The study was designed to investigate the effect of light-sensitive protein melanopsin in retinal ganglion cells of the eye. These specialised neurons receive light signals from the rods and cones and convey them to the brain via the optic nerve.

Melanopsin is usually produced in a set of cells involved with establishing circadian rhythms but not with vision. The MGH team used the standard viral vector to deliver the gene encoding melanopsin throughout the retinas of mice whose rod and cone receptors had degenerated from lack of a crucial protein.

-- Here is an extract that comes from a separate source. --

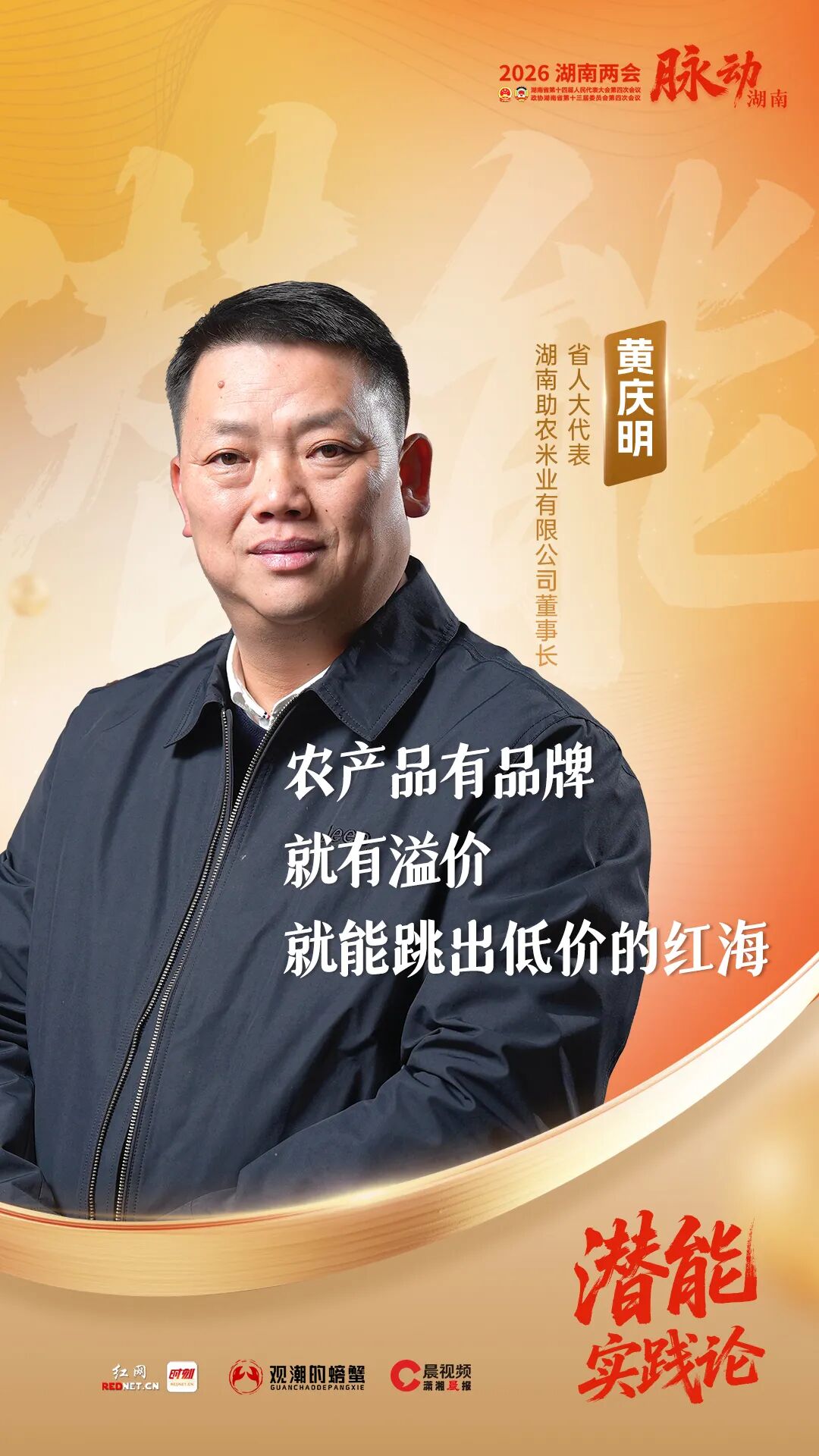 黄庆明是湖南助农米业有限公司董事长,眼下,他作为省人大代表正在参加2026年湖南省两会。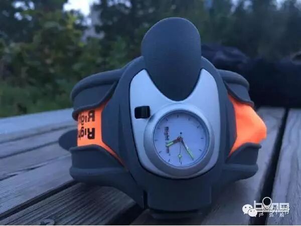 救生护腕不同于市面上其他的救生设备,其在保证涉水自救功能外,外观上面做了非常大的创新,把一件笨重穿在身上的马甲,变成了一款可以戴在手上的护腕,同时增加了电子表和指南针等功能。

Four weeks after delivery of the gene, melanopsin – normally produced in one percent of retinal ganglion cells – was found in about 10 percent of ganglion cells in the treated eyes but not in eyes that received a sham injection, according to a MGH press release.

Examination of the melanopsin – expressing cells revealed that all responded to light, although the neuronal signal was delayed and persisted after the light signal had stopped, which is typical for a melanopsin – mediated signal.

Two behavioural tests verified that the treated mice – which otherwise would have been essentially blind – had enough vision to find a darkened refuge in an otherwise brightly – lit area and to successfully learn that a light indicated a safe platform to which they could swim.

“The same level of melanopsin expression in a human retina might allow someone who otherwise would be totally blind to read newspaper headlines, but the slowness of the response would be a problem,” Masland said.

These findings were published in Tuesday’s edition of the Proceedings of the National Academy of Sciences.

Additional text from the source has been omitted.